NEW ORLEANS -- Plans for a new power plant in New Orleans East are being met with some resistance.

Those against the project held a meeting Tuesday night to share their thoughts with others in the community. Their message was simple, saying they don't want a power plant in their neighborhood.

MORE: Possibility of reopening Michoud power plant raises concerns

It was a full room of listeners as one-by-one, concerned citizens and some environmental representatives shared why a power plant in their neck of the woods is a bad idea.

"For me, there are too many other factors to say yes to $216 million for a facility that's moving in the wrong direction," said Dr. Beverly Wright. Wright was representing the Deep South Center for Environmental Justice, Inc. "We're trying to move away from fossil fuels and you're bringing it to us."

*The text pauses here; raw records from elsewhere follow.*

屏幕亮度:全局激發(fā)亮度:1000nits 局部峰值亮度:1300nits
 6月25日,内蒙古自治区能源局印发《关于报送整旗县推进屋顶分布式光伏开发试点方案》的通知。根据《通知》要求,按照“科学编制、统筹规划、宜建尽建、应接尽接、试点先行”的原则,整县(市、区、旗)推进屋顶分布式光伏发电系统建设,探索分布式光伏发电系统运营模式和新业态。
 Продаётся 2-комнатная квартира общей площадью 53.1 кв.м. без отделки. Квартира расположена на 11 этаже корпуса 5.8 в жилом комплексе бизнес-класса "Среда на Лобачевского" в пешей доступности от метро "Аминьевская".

The plant will sit where the vacant Michoud Power Station currently stands.

"It's time to break the cycle," said Dr. Wright. "The cycle of continuing to put dirty, nasty, polluting facilities in the neighborhood of minorities and poor people."

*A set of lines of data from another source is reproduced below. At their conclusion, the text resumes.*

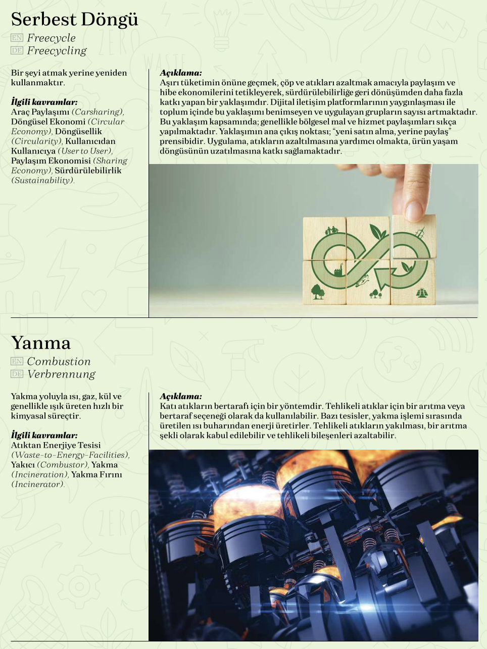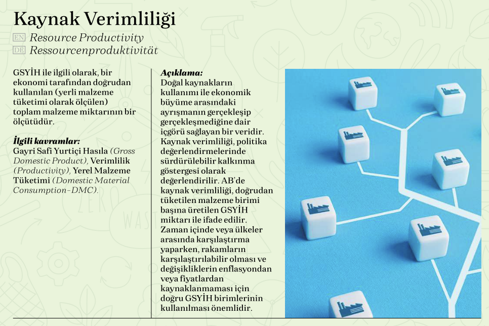İklim değişikliği, biyoçeşitlilik kaybı, çevre koruma, yenilenebilir enerjiler, sera gazları gibi konuları neredeyse her gün duyduğumuz bir dünyada yaşıyoruz. Bu ve benzeri konular; ekonomik, çevresel, sosyal ve yönetsel başlıklarından oluşan sürdürülebilir kalkınma ile yakın ilişkideler. Sürdürülebilirlik, kapsamı sürekli gelişen, dinamik bir süreç ve sürdürülebilirlik kavramları birçok devlet, şirket, yatırımcı, işletme için merkezi bir konuma gelmiş durumda. Ülkemizde, özellikle imalat/ihracat yapan iş dünyasının sürdürülebilirlik politikası araçları ve sürdürülebilirlikle ilgili gelişmeleri yakından takip etmesi, ilgili kavramları bilmesi ve bu alandaki gelişmelere uyum sağlaması da öncelikli hale geldi. MAİB’in hazırladığı Yeşil Terimler Kılavuzu, birçok uluslararası kaynaktan alınan ve şirketlere ve diğer kullanıcılara yararlı olabilecek önemli terimleri, Türkçe, İngilizce ve Almanca dillerindeki tanımları, açıklamaları ve ilgili kavramlarıyla https://green-glossary.com/ internet adresinden okurlarına sunuyor.
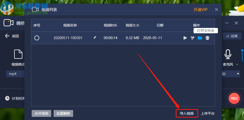 3.点击视频列表之后就进入到查看录制视频的历史记录界面了,然后我们在界面的右下角可以看到有导入视频选项,接着点击它。
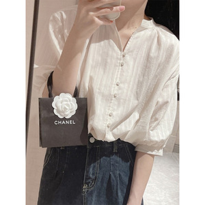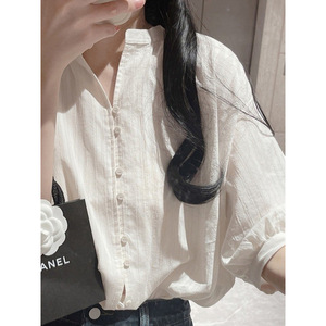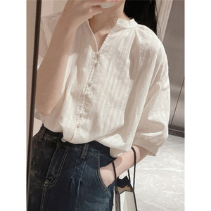 法式白色棉麻衬衫女夏设计感小众气质休闲亚麻衬衣别致五分袖上衣

Officials said it's needed, but some disagree.

"The gas plant brings with it serious health issues and flooding risks for the people," said one participant.

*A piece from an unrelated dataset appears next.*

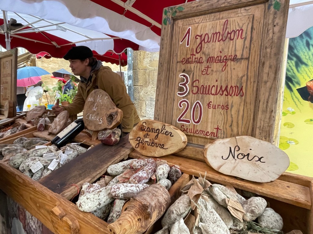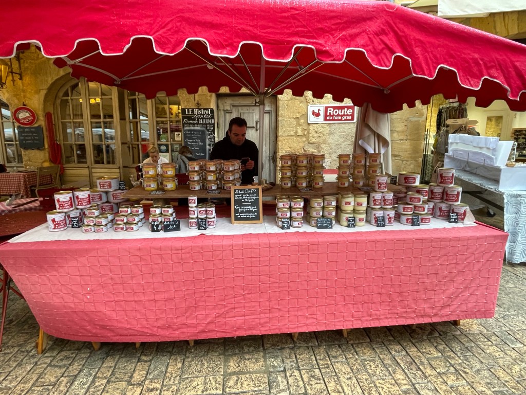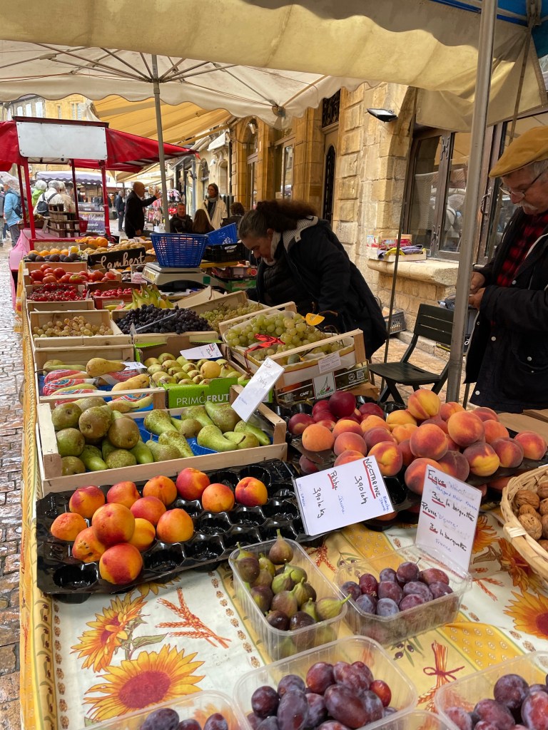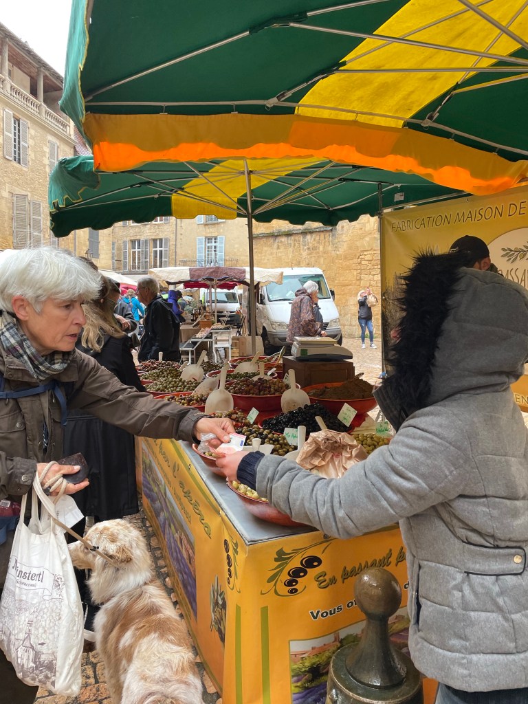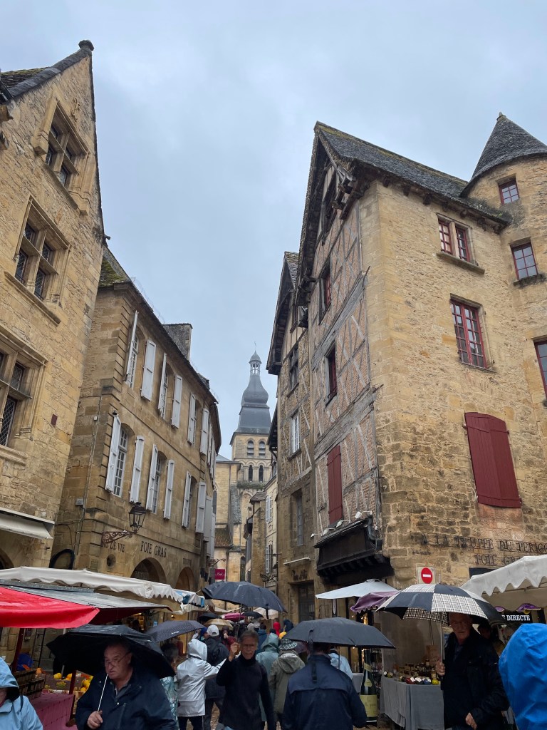Saturday, October 1 and it’s market day in Sarlat. It’s a rainy day, which is a bit disappointing. Rain or shine we are going. The market is a few minutes walk away in the old town and I enjoyed walking the different streets to see what what people were selling. We didn’t buy anything except for bread for dinner and some strawberries, but for me the markets are always about the ambience. I’m sure we will see more while we are in France.

"In the long-term, it also costs us our health," said resident Kevin Nguyen.

Like many at the meeting, Nguyen, a community spokesman, has issues with the proposal, especially when it comes to its estimated price tag.

"I think it's roughly $6 a customer for the next 20 years," Nguyen said. "But I'm not sure if that number will stay the same. The cost could go up."

There were no Entergy representatives present at the community-based meeting.

"It looks as though, Entergy wants a blank check for us New Orleans customers who struggle to pay the bills we have now," said Dr. Wright.

Residents said a lack of communication from Entergy representatives regarding the plan has left them with more questions than answers.

"If it doesn't benefit the people, who does it benefit?" asked one resident.

The plan's future is ultimately in the hands of City Council. Residents hope they too will say no.

"Take everything into consideration and make the best decision that benefits the taxpayer," said Nguyen. "We are the taxpayers here and we do have a voice."

Those in attendance encourage other residents to take action. They’re planning to attend a City Council Utility Regulatory Meeting to voice their opinions and concerns on the project. That meeting will be held at the City Council Chamber at City Hall, 1300 Perdido Street. It starts at 10 a.m., Thursday, Jan. 19.

A final vote is expected by the City Council this April.